= BRIEF =
Copy each of the entries below faithfully, setting aside any pictures.

================

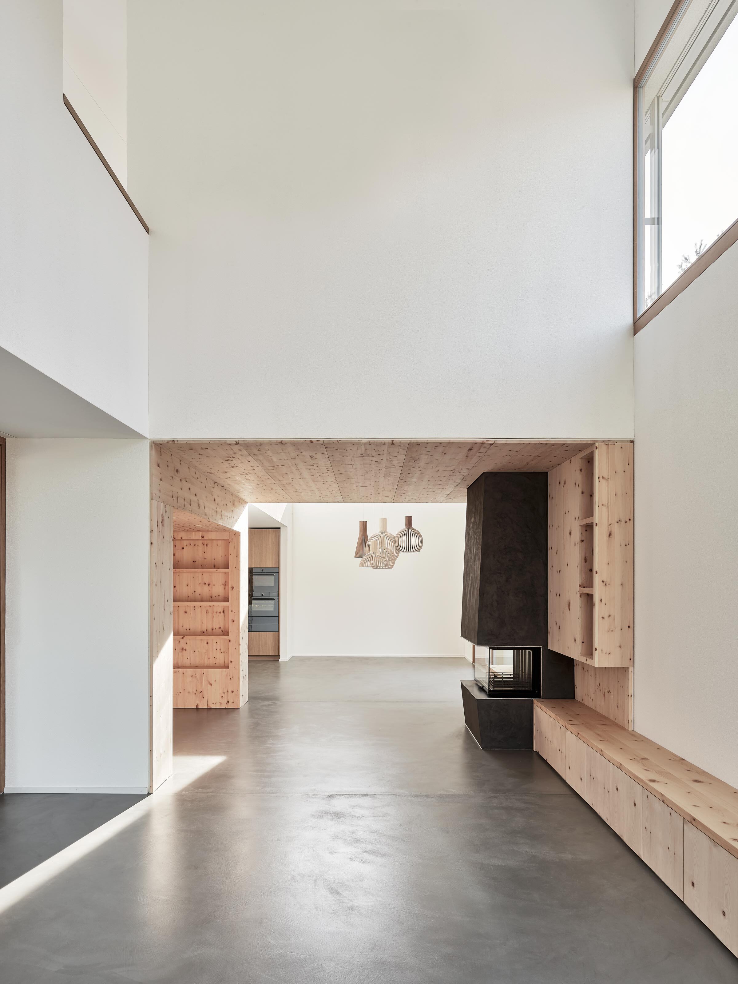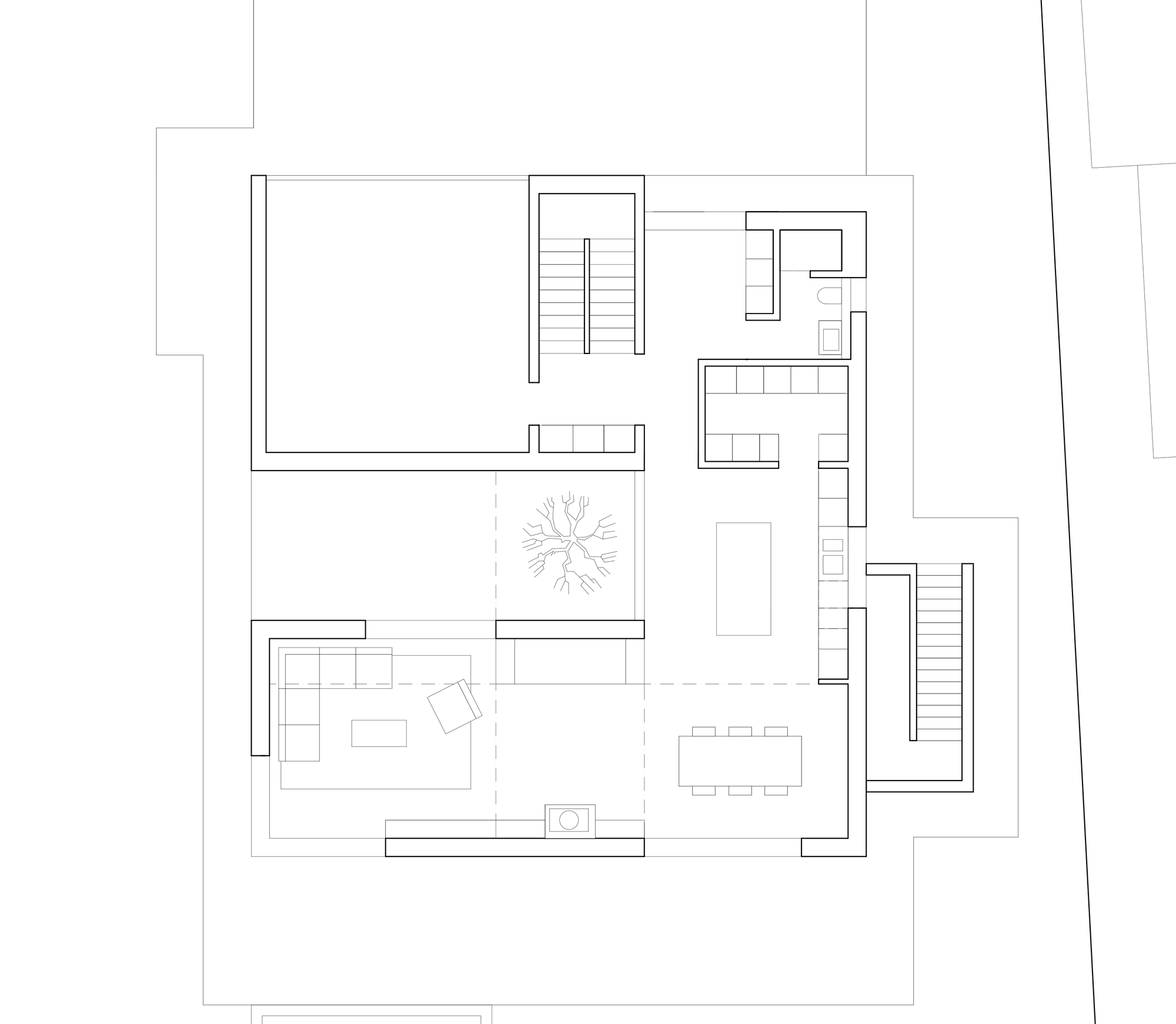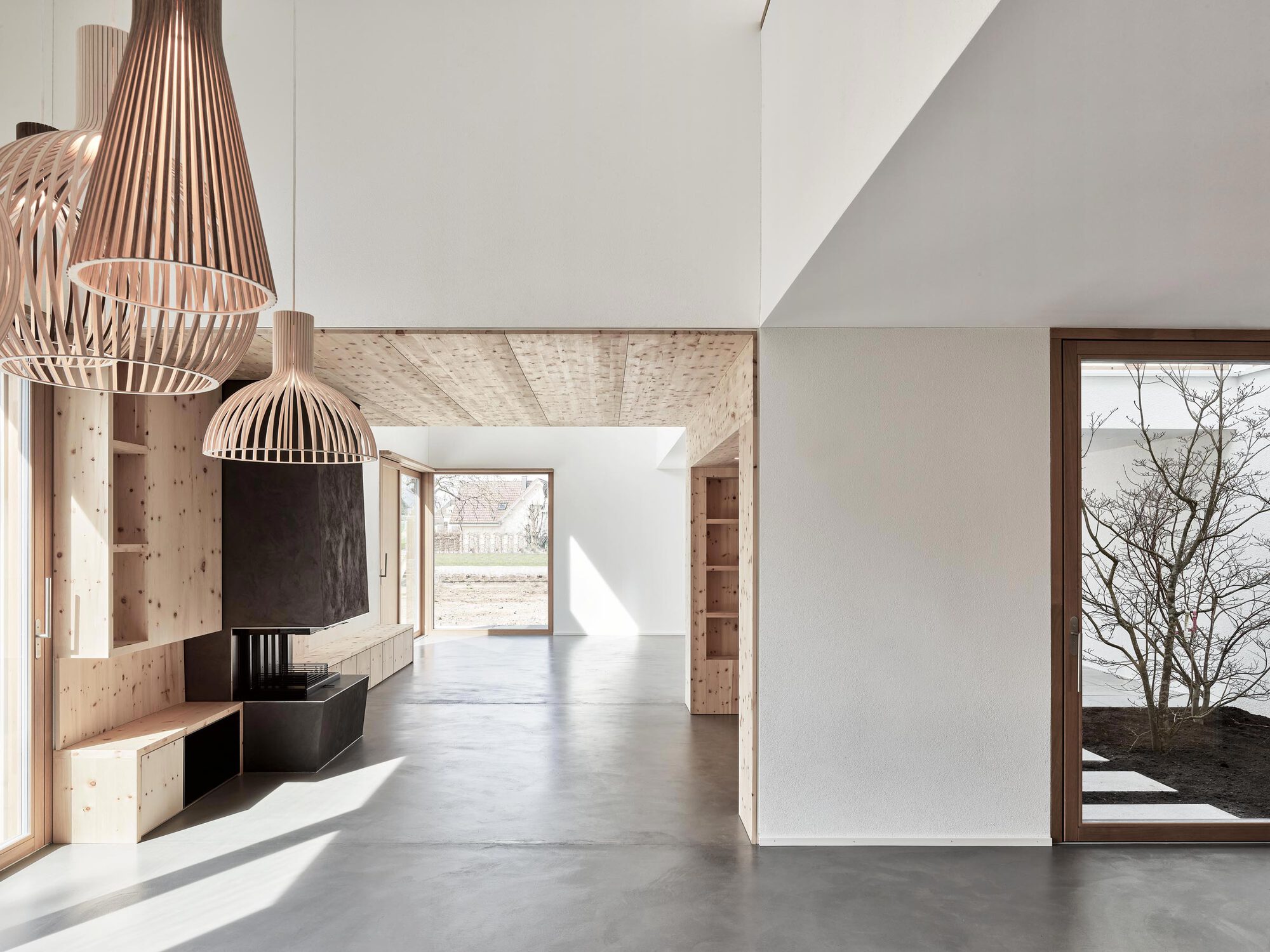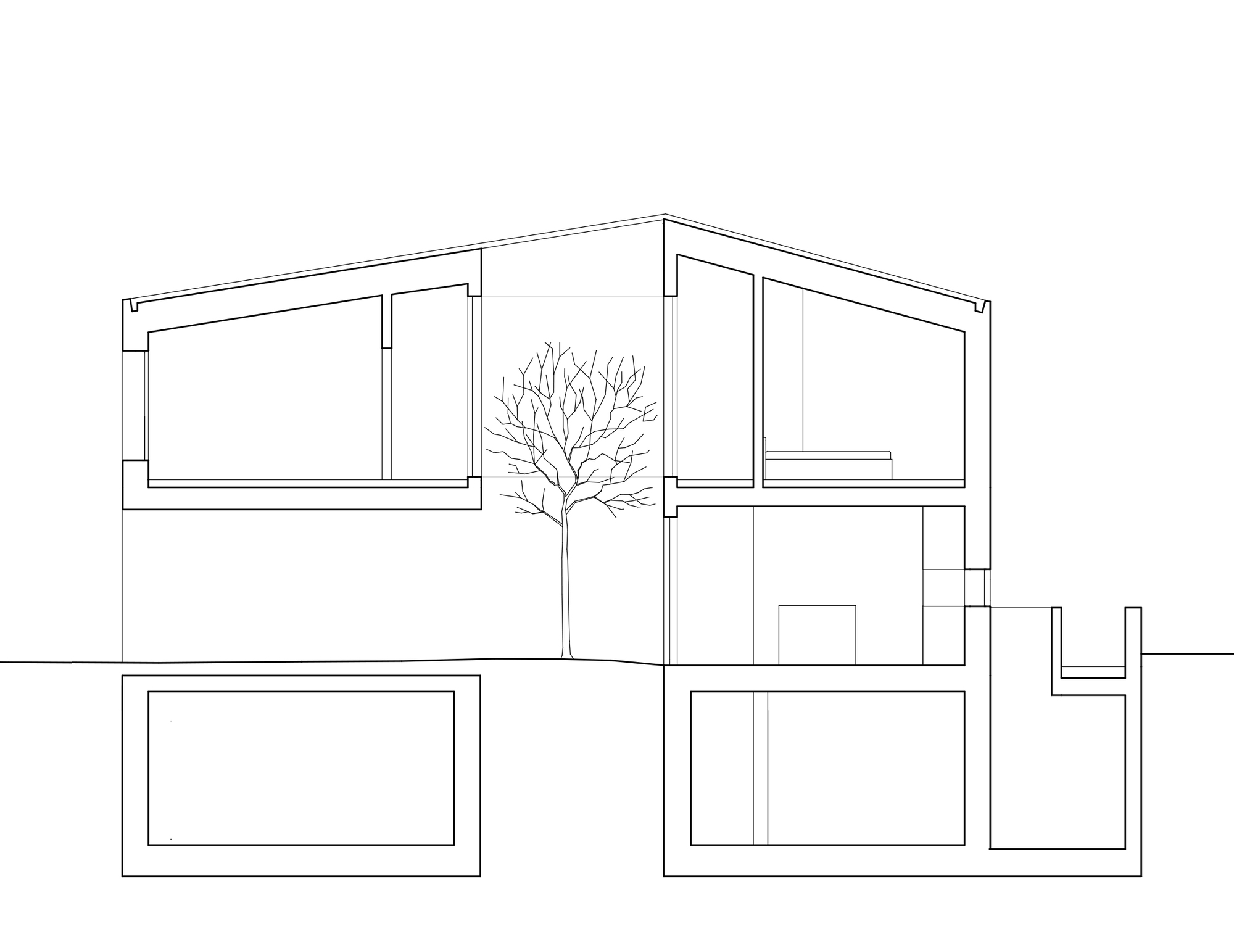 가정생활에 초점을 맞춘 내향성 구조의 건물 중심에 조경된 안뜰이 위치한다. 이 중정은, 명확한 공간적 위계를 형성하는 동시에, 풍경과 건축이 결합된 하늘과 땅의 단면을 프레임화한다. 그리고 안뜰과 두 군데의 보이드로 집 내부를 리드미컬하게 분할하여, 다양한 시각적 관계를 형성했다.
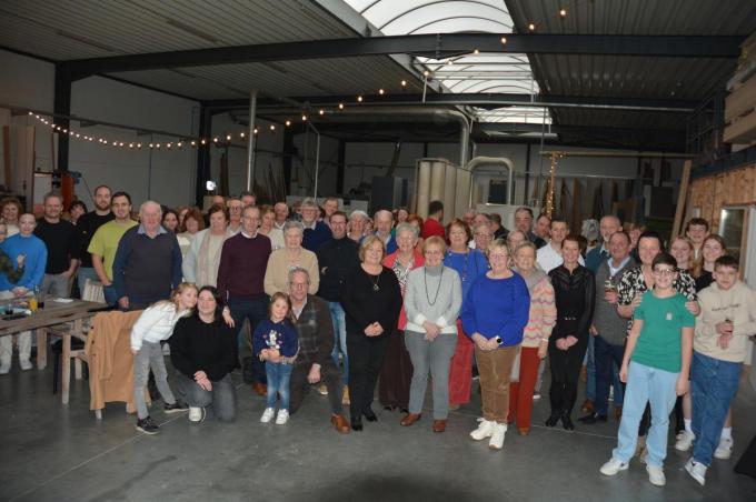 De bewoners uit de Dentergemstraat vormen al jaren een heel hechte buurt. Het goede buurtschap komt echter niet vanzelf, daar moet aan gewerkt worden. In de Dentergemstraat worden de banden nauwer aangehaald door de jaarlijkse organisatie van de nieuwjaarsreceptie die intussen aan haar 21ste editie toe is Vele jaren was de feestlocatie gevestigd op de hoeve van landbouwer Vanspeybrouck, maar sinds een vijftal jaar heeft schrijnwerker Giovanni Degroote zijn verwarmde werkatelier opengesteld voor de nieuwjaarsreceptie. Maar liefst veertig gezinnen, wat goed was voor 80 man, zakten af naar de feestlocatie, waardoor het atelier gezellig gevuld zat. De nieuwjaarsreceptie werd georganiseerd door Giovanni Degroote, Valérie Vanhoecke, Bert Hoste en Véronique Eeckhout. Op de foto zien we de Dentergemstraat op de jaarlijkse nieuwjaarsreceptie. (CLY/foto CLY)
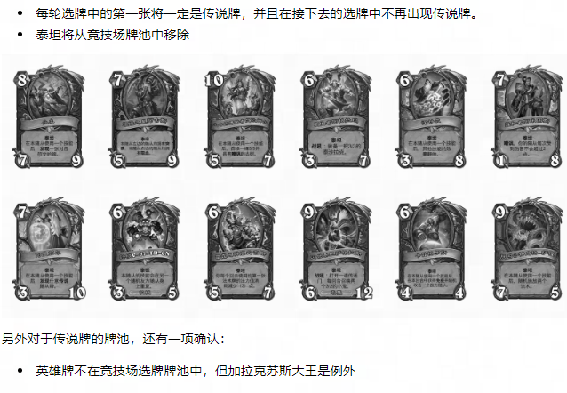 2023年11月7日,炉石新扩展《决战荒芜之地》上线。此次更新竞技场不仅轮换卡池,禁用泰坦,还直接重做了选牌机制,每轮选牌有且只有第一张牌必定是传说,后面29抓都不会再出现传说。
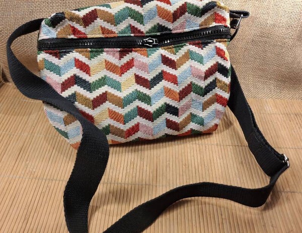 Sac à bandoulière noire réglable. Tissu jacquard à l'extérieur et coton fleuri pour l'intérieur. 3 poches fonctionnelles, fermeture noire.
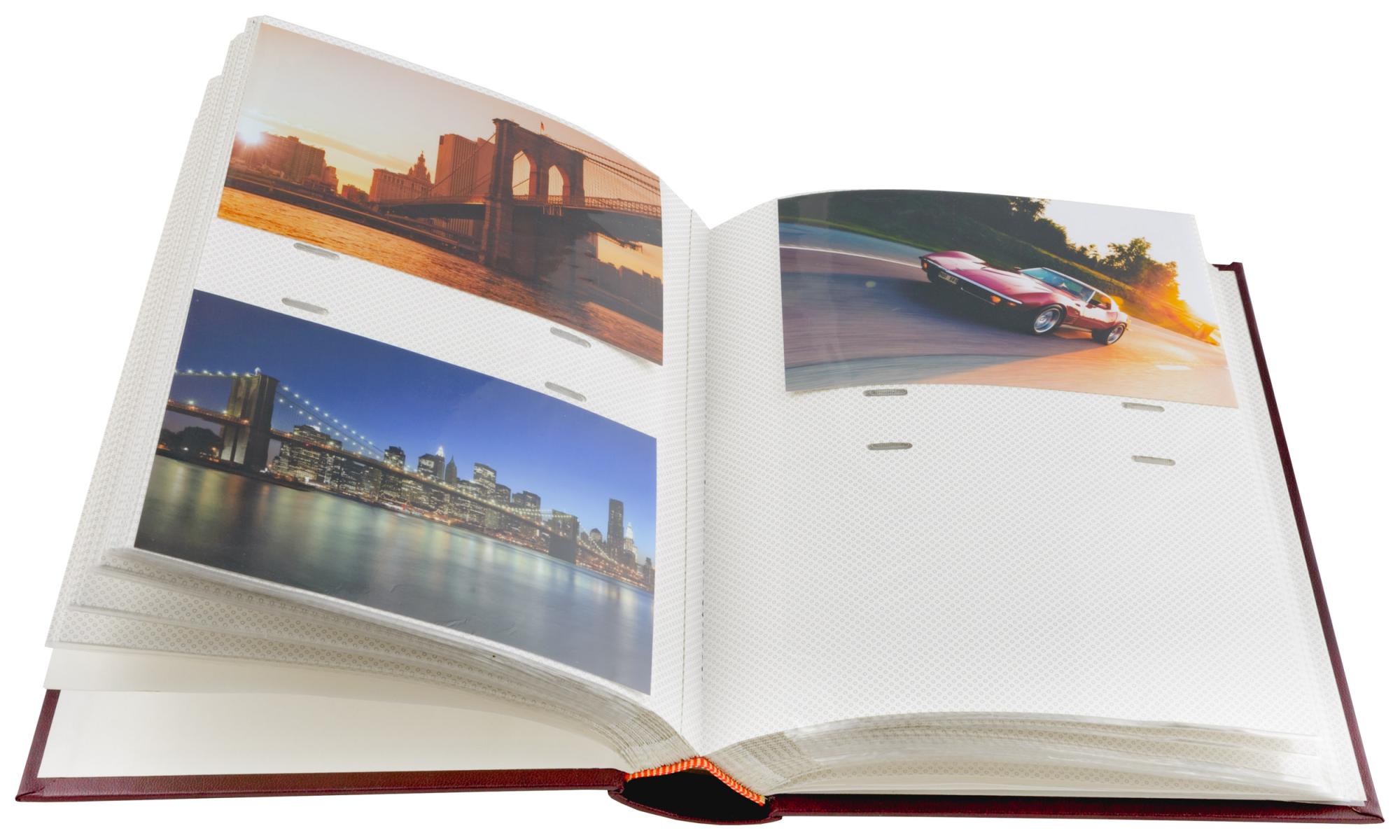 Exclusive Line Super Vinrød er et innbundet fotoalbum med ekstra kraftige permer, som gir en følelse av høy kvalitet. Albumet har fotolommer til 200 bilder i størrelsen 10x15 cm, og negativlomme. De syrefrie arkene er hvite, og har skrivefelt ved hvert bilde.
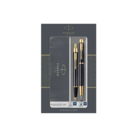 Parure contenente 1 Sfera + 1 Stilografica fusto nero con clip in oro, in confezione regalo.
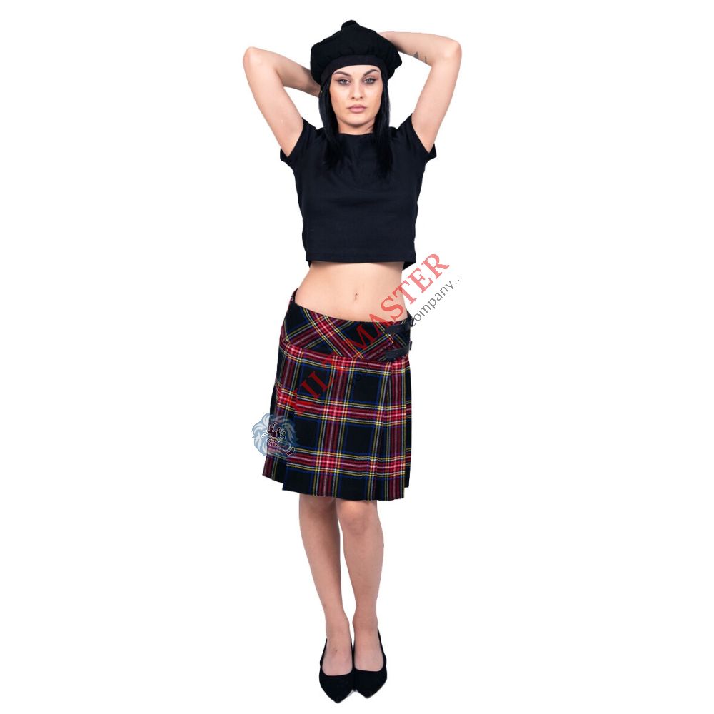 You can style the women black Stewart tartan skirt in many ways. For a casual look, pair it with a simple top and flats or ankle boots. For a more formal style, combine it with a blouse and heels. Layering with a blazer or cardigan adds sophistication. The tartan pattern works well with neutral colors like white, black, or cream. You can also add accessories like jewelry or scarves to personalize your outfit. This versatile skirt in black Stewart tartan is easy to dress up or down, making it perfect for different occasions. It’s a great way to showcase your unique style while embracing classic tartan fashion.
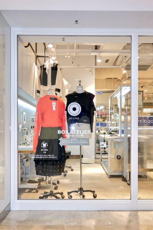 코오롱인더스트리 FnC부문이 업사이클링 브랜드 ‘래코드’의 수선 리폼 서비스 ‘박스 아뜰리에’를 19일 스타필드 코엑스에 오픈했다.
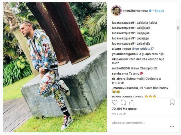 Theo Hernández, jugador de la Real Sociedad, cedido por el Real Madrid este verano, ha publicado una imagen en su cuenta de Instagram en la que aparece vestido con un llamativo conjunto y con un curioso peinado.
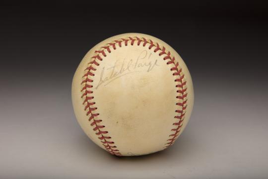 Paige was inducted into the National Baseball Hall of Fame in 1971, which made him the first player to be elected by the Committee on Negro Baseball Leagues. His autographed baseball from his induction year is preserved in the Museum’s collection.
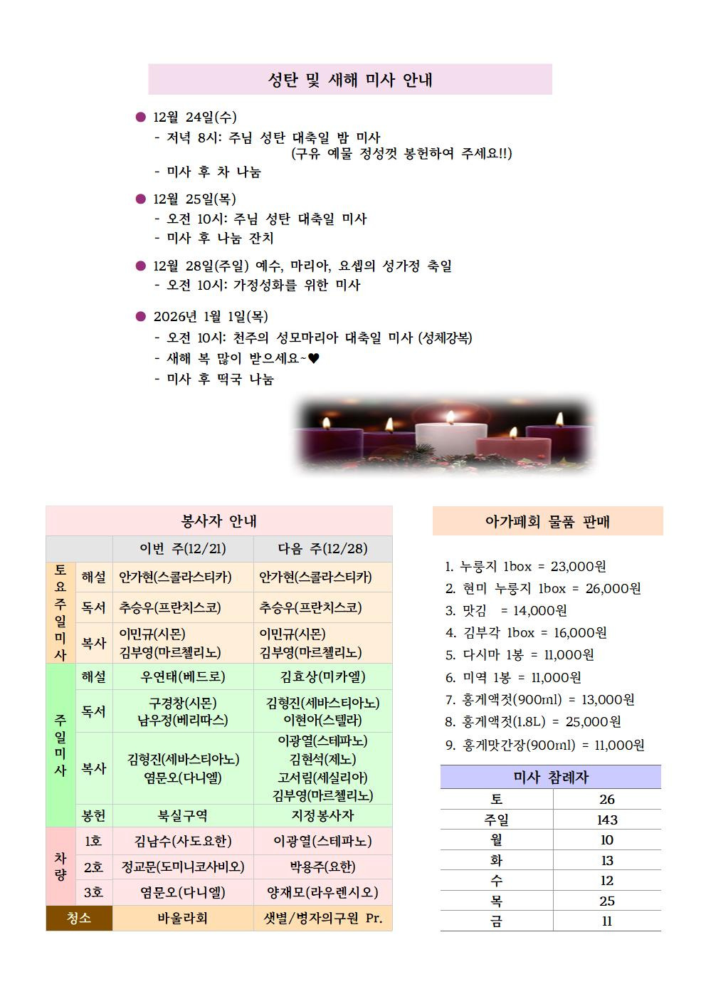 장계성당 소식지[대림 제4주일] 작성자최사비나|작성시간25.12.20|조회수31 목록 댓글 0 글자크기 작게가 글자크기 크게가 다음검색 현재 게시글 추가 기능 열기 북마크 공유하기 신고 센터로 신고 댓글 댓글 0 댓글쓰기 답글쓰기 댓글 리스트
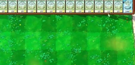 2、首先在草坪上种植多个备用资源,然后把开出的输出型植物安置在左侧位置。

================

= ANSWER BOX =
 가정생활에 초점을 맞춘 내향성 구조의 건물 중심에 조경된 안뜰이 위치한다. 이 중정은, 명확한 공간적 위계를 형성하는 동시에, 풍경과 건축이 결합된 하늘과 땅의 단면을 프레임화한다. 그리고 안뜰과 두 군데의 보이드로 집 내부를 리드미컬하게 분할하여, 다양한 시각적 관계를 형성했다.
 De bewoners uit de Dentergemstraat vormen al jaren een heel hechte buurt. Het goede buurtschap komt echter niet vanzelf, daar moet aan gewerkt worden. In de Dentergemstraat worden de banden nauwer aangehaald door de jaarlijkse organisatie van de nieuwjaarsreceptie die intussen aan haar 21ste editie toe is Vele jaren was de feestlocatie gevestigd op de hoeve van landbouwer Vanspeybrouck, maar sinds een vijftal jaar heeft schrijnwerker Giovanni Degroote zijn verwarmde werkatelier opengesteld voor de nieuwjaarsreceptie. Maar liefst veertig gezinnen, wat goed was voor 80 man, zakten af naar de feestlocatie, waardoor het atelier gezellig gevuld zat. De nieuwjaarsreceptie werd georganiseerd door Giovanni Degroote, Valérie Vanhoecke, Bert Hoste en Véronique Eeckhout. Op de foto zien we de Dentergemstraat op de jaarlijkse nieuwjaarsreceptie. (CLY/foto CLY)
 2023年11月7日,炉石新扩展《决战荒芜之地》上线。此次更新竞技场不仅轮换卡池,禁用泰坦,还直接重做了选牌机制,每轮选牌有且只有第一张牌必定是传说,后面29抓都不会再出现传说。
 Sac à bandoulière noire réglable. Tissu jacquard à l'extérieur et coton fleuri pour l'intérieur. 3 poches fonctionnelles, fermeture noire.
 Exclusive Line Super Vinrød er et innbundet fotoalbum med ekstra kraftige permer, som gir en følelse av høy kvalitet. Albumet har fotolommer til 200 bilder i størrelsen 10x15 cm, og negativlomme. De syrefrie arkene er hvite, og har skrivefelt ved hvert bilde.
 Parure contenente 1 Sfera + 1 Stilografica fusto nero con clip in oro, in confezione regalo.
 You can style the women black Stewart tartan skirt in many ways. For a casual look, pair it with a simple top and flats or ankle boots. For a more formal style, combine it with a blouse and heels. Layering with a blazer or cardigan adds sophistication. The tartan pattern works well with neutral colors like white, black, or cream. You can also add accessories like jewelry or scarves to personalize your outfit. This versatile skirt in black Stewart tartan is easy to dress up or down, making it perfect for different occasions. It’s a great way to showcase your unique style while embracing classic tartan fashion.
 코오롱인더스트리 FnC부문이 업사이클링 브랜드 ‘래코드’의 수선 리폼 서비스 ‘박스 아뜰리에’를 19일 스타필드 코엑스에 오픈했다.
 Theo Hernández, jugador de la Real Sociedad, cedido por el Real Madrid este verano, ha publicado una imagen en su cuenta de Instagram en la que aparece vestido con un llamativo conjunto y con un curioso peinado.
 Paige was inducted into the National Baseball Hall of Fame in 1971, which made him the first player to be elected by the Committee on Negro Baseball Leagues. His autographed baseball from his induction year is preserved in the Museum’s collection.
 장계성당 소식지[대림 제4주일] 작성자최사비나|작성시간25.12.20|조회수31 목록 댓글 0 글자크기 작게가 글자크기 크게가 다음검색 현재 게시글 추가 기능 열기 북마크 공유하기 신고 센터로 신고 댓글 댓글 0 댓글쓰기 답글쓰기 댓글 리스트
 2、首先在草坪上种植多个备用资源,然后把开出的输出型植物安置在左侧位置。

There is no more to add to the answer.